*** SUPPLIED MATERIAL Section Begins ***

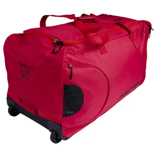 Torba hokejowa na kółkach - Senior • Pojemność: 200 l • Kolor: czerwony • Materiał: 600D Polyester • Sposób mocowania: 2 paski • Długi pasek do noszenia: Nie • Etykieta identyfikacyjna: Nie • Wentylacja: Tak
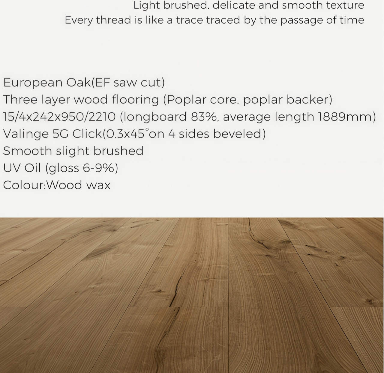 # Three layer 15/4x242x2210 5G Click # European Oak, EF # Smooth slight brushed # UV Oil
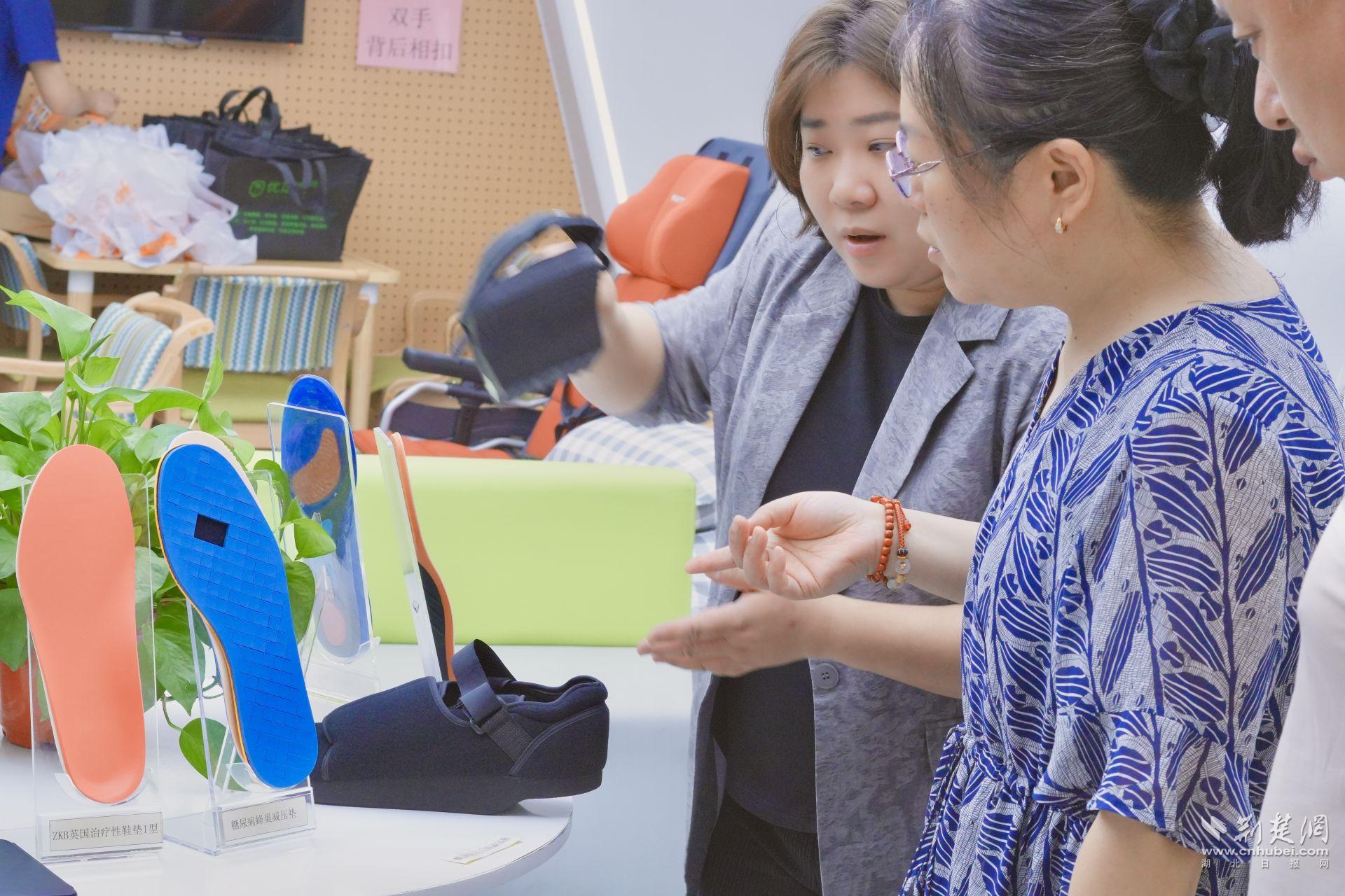 一側(cè)展區(qū)則擺放著各類(lèi)康復(fù)輔具,吸引了不少居民駐足體驗(yàn)。防跟裂襪、減壓鞋墊、艾草健康鞋、足底按摩球……這些看似日常小物,實(shí)則是糖尿病足管理中不可或缺的“隱形衛(wèi)士”。

*** SUPPLIED MATERIAL Section Ends ***

PROBLEM REQUIREMENTS >>
Your task is to repeat exactly the lines from the beginning of the data to the line that contains "# Three layer", both ends included, leaving out pictures.

RESPONSE >>
 Torba hokejowa na kółkach - Senior • Pojemność: 200 l • Kolor: czerwony • Materiał: 600D Polyester • Sposób mocowania: 2 paski • Długi pasek do noszenia: Nie • Etykieta identyfikacyjna: Nie • Wentylacja: Tak
 # Three layer 15/4x242x2210 5G Click # European Oak, EF # Smooth slight brushed # UV Oil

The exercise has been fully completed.